To: Quix
Yes. As even a cursory reading of the history of the era will testify, Arminius was a Calvinist who never left and was never kicked out. He wrote glowingly of Calvin and recommended Calvin's Commentaries above all other writings save the bible.
Therefore, I am a calvinist in the tradition of Arminius.
288 posted on
01/22/2005 7:54:46 PM PST by
xzins
(Retired Army Chaplain and Proud of It!)
To: Quix
After your cursory read, go back and do a little checking on his explitic disagreement with the Reformed university at which he was employed, the Dutch Reformed church, and the Belgic Confession.
He may have been an admirer of Calvin's work, but he disagreed sharply with some main theological points of Calvinism.
293 posted on
01/22/2005 7:58:28 PM PST by
Frumanchu
(I fear the sanctions of the Mediator far above the sanctions of the moderator...)
To: xzins
I C.
Poor fellow. Maybe his corpus collasum was split.
294 posted on
01/22/2005 7:59:03 PM PST by
Quix
(HAVING A FORM of GODLINESS but DENYING IT'S POWER. 2 TIM 3:5)

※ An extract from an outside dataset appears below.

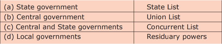 (d) Local governments – Residuary powers is NOT correctly matched.
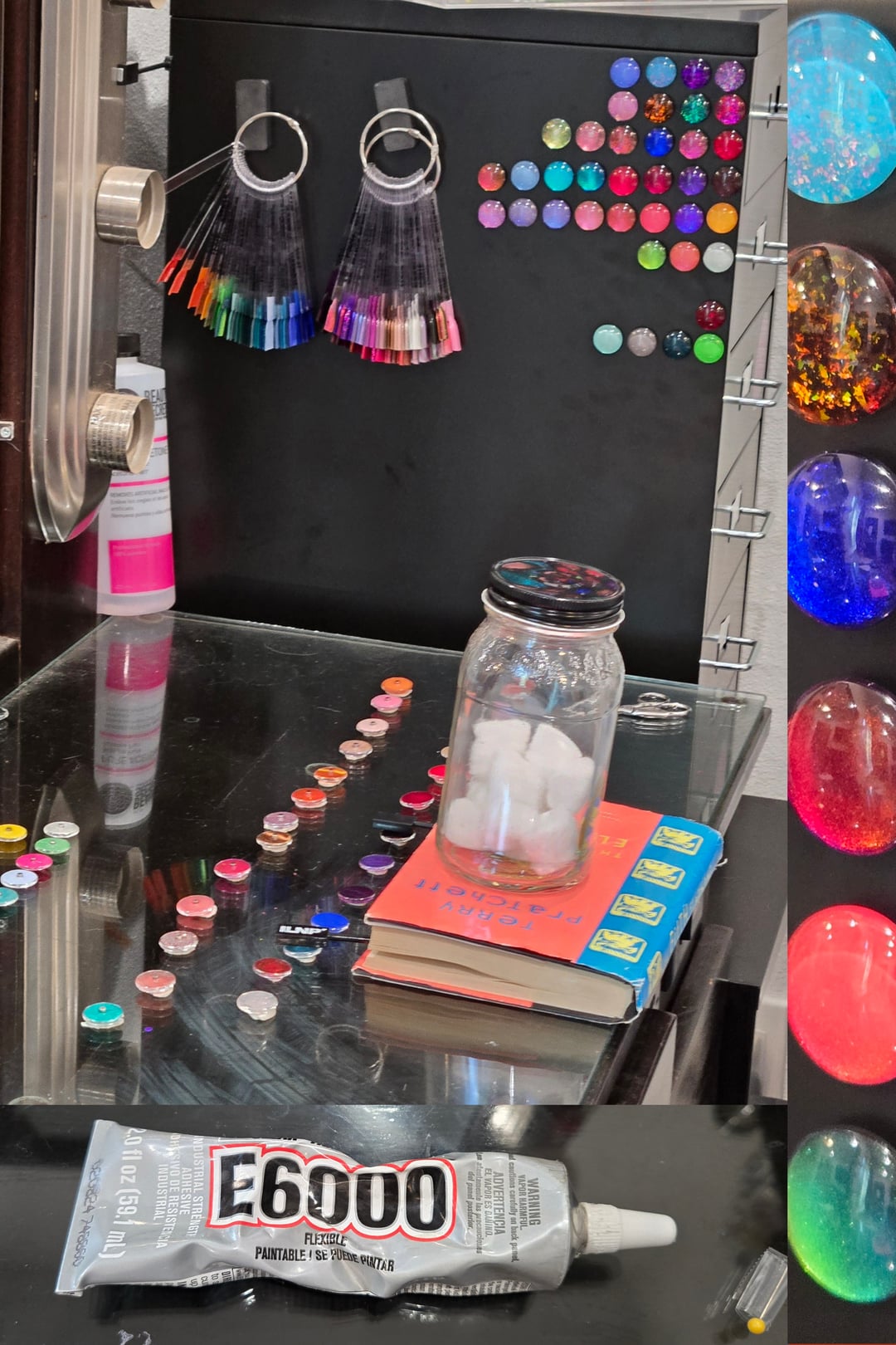 Magnets: I used the teeny tiny neodymium magnets that war gamers use with Warhammer40k. Bigger magnets are fine too, but those tiny magnets are pretty cheap for a lot of them and they hold up the cabochons perfectly. I also like that they're small because I don't worry about them putting any stress on the polish when I pull the cabochons on and off to reorganize them, because they're strong enough to hold the cabochon on easily, but theyre small enough that they pop off easily too. It's the best of both worlds.

To: xzins; Quix; Frumanchu
"Arminius was a Calvinist who never left and was never kicked out. He wrote glowingly of Calvin and recommended Calvin's Commentaries above all other writings save the bible." Yes, and he rejected just about everything Calvin wrote. A wolf in sheep's clothing.
312 posted on
01/22/2005 11:08:25 PM PST by
HarleyD
To: xzins
Arminius was a Calvinist who never left and was never kicked out. He wrote glowingly of Calvin and recommended Calvin's Commentaries above all other writings save the bible.And I (and many) of the Protestants that post here were RC ...and still have a standing in that church even though we rebuke some of its teachings.
Wesley lived and died and was buried as an Anglican priest with out a church or a pulpit there.